Arsenic Trioxide (ATO, As2O3) has been employed as chemotherapy to treat the relapsed or refractory type of acute promyelocytic leukemia (APL) and various hematopoietic malignancies since its initial use in the 1970s; with its efficacy demonstrated in clinical trials [1]. APL is a distinct subtype of acute myelogenous leukemia; constituting 10 to 15 % of adult patients with myeloid leukemia. ATO is administered via intravenous infusions daily for 28–42 days; resulting in complete APL remission [2]. ATO is the most effective monotherapy in APL management; elevating patient life expectancy to 80 to 90 % when concurrently treated with ATO and all-trans retinoic acid. However, ATO administration has been associated with adverse effects on various organs; particularly the liver [3], [4], [5], [6].

The liver serves as the primary organ responsible for eliminating toxins and drugs; however, these toxic substances can also inflict harm upon it [7]. Consequently, the liver stands as the primary organ susceptible to pathological oxidative stress cascades [8]. Previous findings have unveiled that oxidative stress and an disrupted redox status represent the primary mechanisms by which ATO induces hepatotoxicity [9]. Following ATO administration, various reactive oxygen species (ROS) are unleashed, resulting in an imbalance of the redox status and the depletion of endogenous antioxidants, such as superoxide dismutase (SOD) and glutathione (GSH). This depletion leads to the excessive accumulation of ROS, lipid peroxidation, irreversible damage to proteins and DNA, and further hepatocellular injury [10], [11].
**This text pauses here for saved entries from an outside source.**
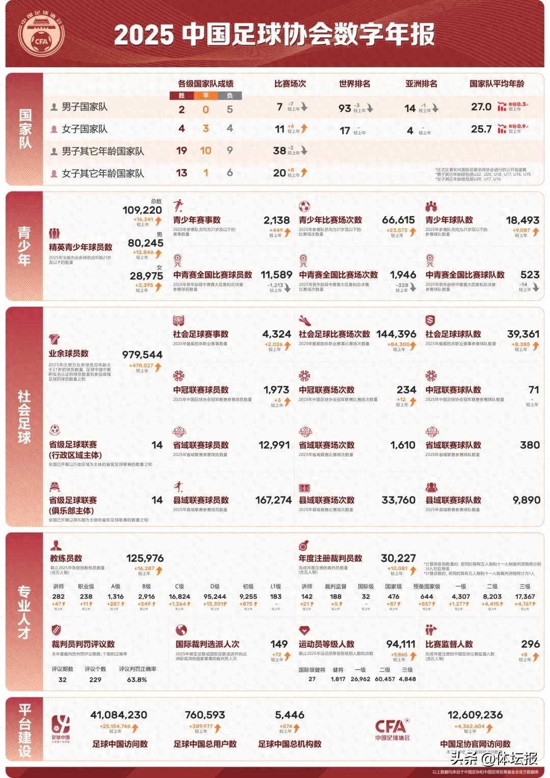 1月30日,2025年中國足球協會數字年報發佈,年報聚焦國家隊建設、青少年培養、社會足球發展、專業人才隊伍建設及數字化平臺搭建五大重點業務板塊,設置37項關鍵指標、79個數據點。通過與2024年度數據的對比分析,全面、量化呈現了中國足協年度重點工作的推進情況與發展趨勢。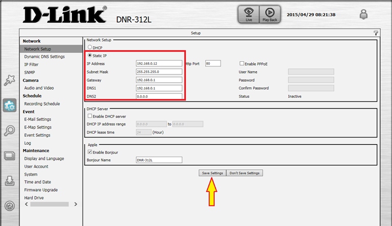 Шаг 5: Введите требуемый IP-адрес регистратора и нажмите кнопку Save Settings (Сохранить настройки).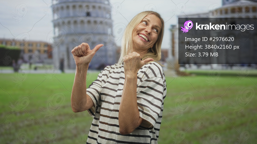 Woman pointing thumbs at chest, smiling and posing by the leaning tower building on green lawn near cathedral; pride travel fun.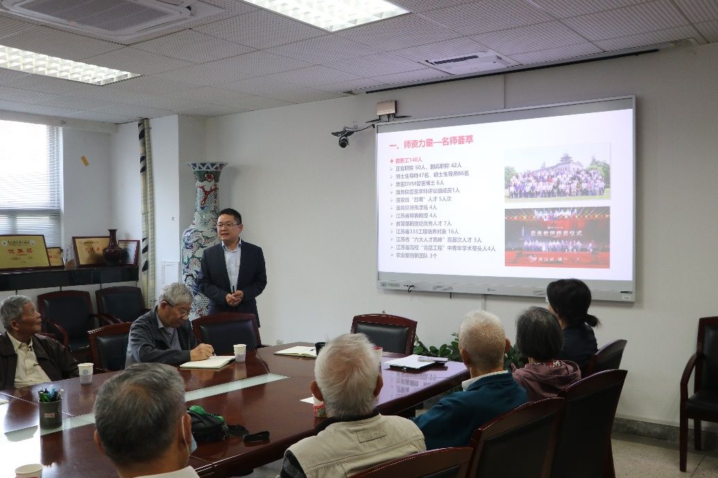 姜岩首先传达了中共南京农业大学第十二届委员会第十四次全体(扩大)会议的精神,分别对校党委书记王春春和校长陈发棣的主题报告内容进行了重点解读。平继辉从学科发展、人才培养、科研工作、国际合作等方面做了最新的院情介绍,并对学院目前重点推进的P3实验室建设情况向老教师们做了详细的说明。参加座谈会的老教师们纷纷建言献策,对学院近年来发展所取得成效表示肯定,并由衷希望学院在新一届领导班子的带领下,在未来取得更大的进步与发展。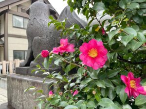 神社を守る狛犬を後ろで応援するサザンカ 、といったところでしょうか。

The hepatotoxicity induced by ATO can also be attributed to the activation of proinflammatory cytokines, such as tumor necrosis factor α (TNF-α), interleukin 1-β (IL-1β), and interleukin-6 (IL-6). Proinflammatory activity may arise as a response to oxidative stress or as a direct effect of ATO [12], [13]. When cellular antioxidant defenses are overwhelmed, ROS-induced damage to cells leads to necrosis or apoptosis, as evidenced by the presence of oxidative stress and inflammation.

MiR-122 is among the noncoding microRNAs that are overexpressed in damaged hepatocytes, and its expression correlates with the severity of damage [14]. Furthermore, hepatocellular damage can lead to the overexpression of miR-21 in the liver through an mTOR-dependent pathway, resulting in the inhibition of phosphatase and tensin homolog levels (PTEN) [15]. The increased insult to the liver triggers the activation of the autophagy process within hepatic tissue, aimed at eliminating damaged cells and organelles [16], [17]. LC3 plays a crucial role in initiating the autophagy process, undergoing degradation into microtubule-associated protein light chain 3 (LC3-II), ultimately leading to total proteolysis [18].

Dapagliflozin (DPG) belongs to the class of sodium-glucose co-transporter 2 inhibitors (SGLT2 inhibitors), which are oral antihyperglycemic medications. DPG exerts its blood glucose-lowering effects by promoting urinary glucose excretion, leading to reduced glycated hemoglobin levels, and it also influences beta cell function and insulin sensitivity [19]. Recent studies have highlighted the therapeutic potential of DPG in the treatment of non-alcoholic fatty liver, with observed improvements in liver histology and the modulation of fibroblast growth factor-21 levels [20], [21]. Emerging research has unveiled the multifaceted role of DPG, expanding beyond its anti-hyperglycemic properties to encompass the regulation of various oxidative and inflammatory pathways. These properties include its ability to provide gastroprotection against gastric lesions, alleviate Alzheimer's disease models, and enhance recovery from acute renal injury [22], [23], [24]. This wide-ranging spectrum of actions positions DPG as a promising candidate for the treatment of various disorders. Nevertheless, some studies have suggested that the effects of DPG may be attributed to its glucose-lowering actions in addition to its anti-inflammatory and anti-fibrotic impacts [25], [26].

In the present study, the authors sought to investigate the molecular and toxicological pathways underlying the effects of ATO on the liver. Furthermore, the study aimed to explore the potential protective effects of DPG on hepatic tissue against ATO-induced toxicity.